– Невероятно!
– Думаешь, это все? Ты еще об одном подумай, Линди. Когда я впервые услышал, что Мария Казарес мертва? Около восьми. Так? А когда ты позвонила Пикси, что она сказала тебе насчет того, когда эту новость отстучали информагентства?
– По ее словам, это произошло где-то без пятнадцати восемь.
– Именно. Вот и прикинь, сколько времени потребовалось Лазару, чтобы сделать эту новость достоянием гласности. Куэст вызвали туда в пять. Если Казарес умерла за час до этого, то время наступления смерти – примерно четыре часа, не так ли? На что же в таком случае ушли следующие три часа и сорок пять минут?
– Не знаю. – По коже Линдсей пробежал легкий озноб. – Должно быть, отдавали распоряжения охране, подмазывали прессу, чтобы каждый написал нужную статью в нужном духе…
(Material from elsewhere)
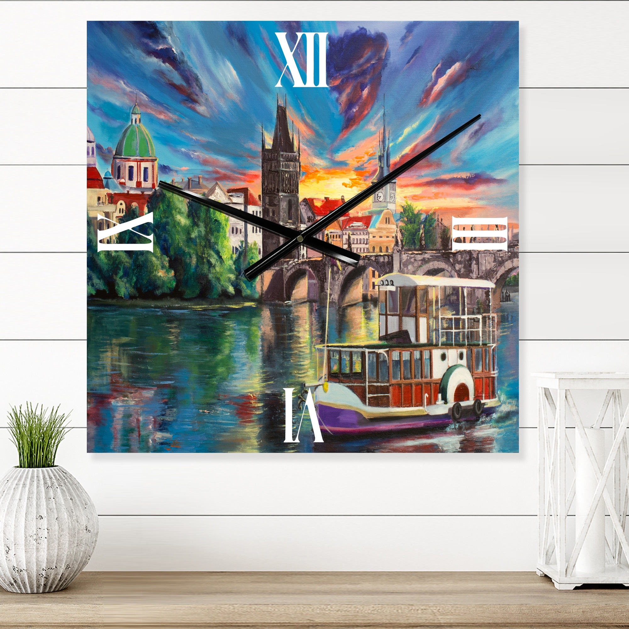 Designart 'Cityview Of Prague By Sunset' Children's Art Large Wall Clock

– Полностью разделяю твое мнение. Не может быть никакого сомнения в том, что именно этим и занимались разные придворные и «шестерки». Но только не сам Лазар. Представь себе, Линди, Казарес только час как умерла, ее тело еще не остыло, а он уже там, в мастерских, ставит всех на уши. Они прямо на манекенщице раскраивают материал для платьев, потому что нет ни минуты времени для того, чтобы возиться с лекалами. Во всяком случае, так мне описывала это Куэст. При этом должна быть идеально подогнана каждая мельчайшая деталь. И они тычут в Куэст булавки, чуть ли не отхватывают от нее лоскуты кожи, потому что у закройщиков от страха ножницы валятся из рук. А в центре этой преисподней царит сам Лазар. Люди носятся туда-сюда как угорелые, но ему не угодишь: пятнадцатая, шестнадцатая, семнадцатая проба материала – все забракованы. Он заставляет подчиненных рыскать по складам в поисках подходящего товара, мобилизует всех вышивальщиц. Он говорит: «Нет, эти пуговицы не годятся – они на три миллиметра шире, чем нужно…» И все время, Линдсей, все это время он держится с величием императора. Иными словами, ни слез, ни горя, ни визитеров с соболезнованиями – только белое застывшее лицо и голос, от которого кровь стынет в жилах.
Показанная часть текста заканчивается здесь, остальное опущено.